韩老爷骂骂咧咧离开,回家让他夫人帮忙上药。
“你哪儿来的脸让我给你上药?来,你先给我解释一下你脖子上的牙印是从哪来的?”韩夫人拧着韩老爷的儿子,把他拽到铜镜跟前。
“黄金宝那老小子咬的,他太不是人了。
我没惹到他呀,他见我一次打我一次。”韩老爷诉说着自己的委屈。
韩夫人心疼,一时心软。
她原谅了韩老爷,怎料管家来报,府外有十多个女子年轻貌美的女子上门,说她们是韩老爷偷偷在外面的妾室。
“你是不是应该给我解释一下?”韩夫人让进来的每一个女子张开嘴,与韩老爷脖子的牙印做对比。
一个不是,另一个也不是,那一个更不是。
韩老爷庆幸道:“我说了是黄金宝那老小子咬的,你还不信我。
你看看这么多人,哪一个对上了?”
“你少臭美,这不是还有一个姑娘吗?”韩夫人让最后一个姑娘。
姑娘侧着脑袋对牙齿印,大小尺寸与黄金宝牙印刚好对齐。
“这就是你跟我说黄金宝老小子咬的?一天天的你挺能撒谎放屁呀。”韩夫人回屋取来一个搓衣板,让姥爷当着众女子的面跪在她面前。

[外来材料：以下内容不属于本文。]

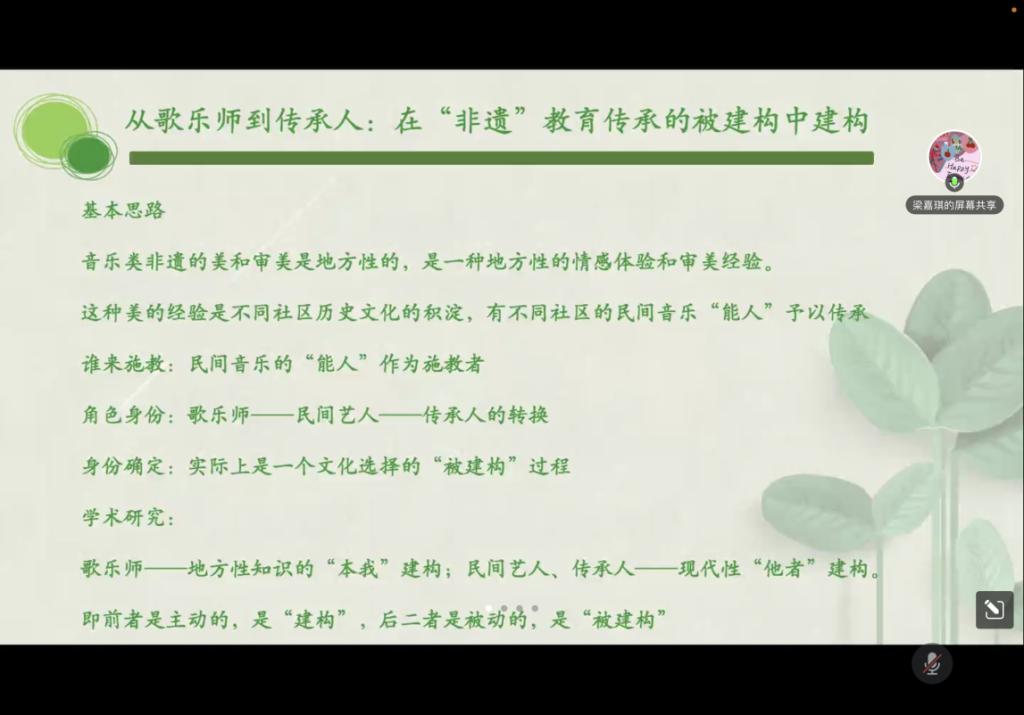 梁嘉琪同学以“音乐非物质文化遗产的传承与教育”为题,从从歌乐师到传承人:在“非遗”教育传承的被建构中建构、学术界对“民间艺人”的表述——一种技艺的学术观照两个角度出发,并结合现实实际以讲故事的形式进行分享,第一个故事为石阡花桥理发师兼县民族中学的仡佬族民歌传承教师毛呈祥的故事,第二个故事为双江山歌传承人吴乐华老人的故事。她认为同学们要以“歌乐师”、“民间艺人”、“传承人”等角色身份作为施教者进行课堂教学。

“娘子,那么多人,你给我点面子。”韩老爷做着最后的挣扎。
韩夫人取来一根粗木棍,韩老爷见状,双腿跪在搓衣板上。
别说江清然爱使的工具就是不一样。
狗东西,人家江清然都看不上他,见一次打他一次,他还在妄想做美梦将江清然纳回来当妾。
韩夫人没见过脸皮这么厚的人,劝都劝不破他的美梦。
她放弃了劝说,江美怪哪怕打死她男人,她也不说任何不好的话。
她相公自找的,没办法。
阿嚏、阿嚏、阿嚏。
江清然在家中不停的打着喷嚏。
是谁在背后说她坏话?这喷嚏打的,根本停不下来。
“娘,是不是昨晚没睡好?”马思烟倒了杯热茶递给她喝。
“睡得还行,也没凉着。”江清然端着茶一饮而尽。
老三媳妇的心意,难得关心她一回,不喝太不识抬举了。
“娘,婶子在厨房来回寻摸,不知在找什么?”
“她能找什么,找值钱的东西呗。
你和老二媳妇多注意点儿,别让她偷偷把咱家东西划拉走。”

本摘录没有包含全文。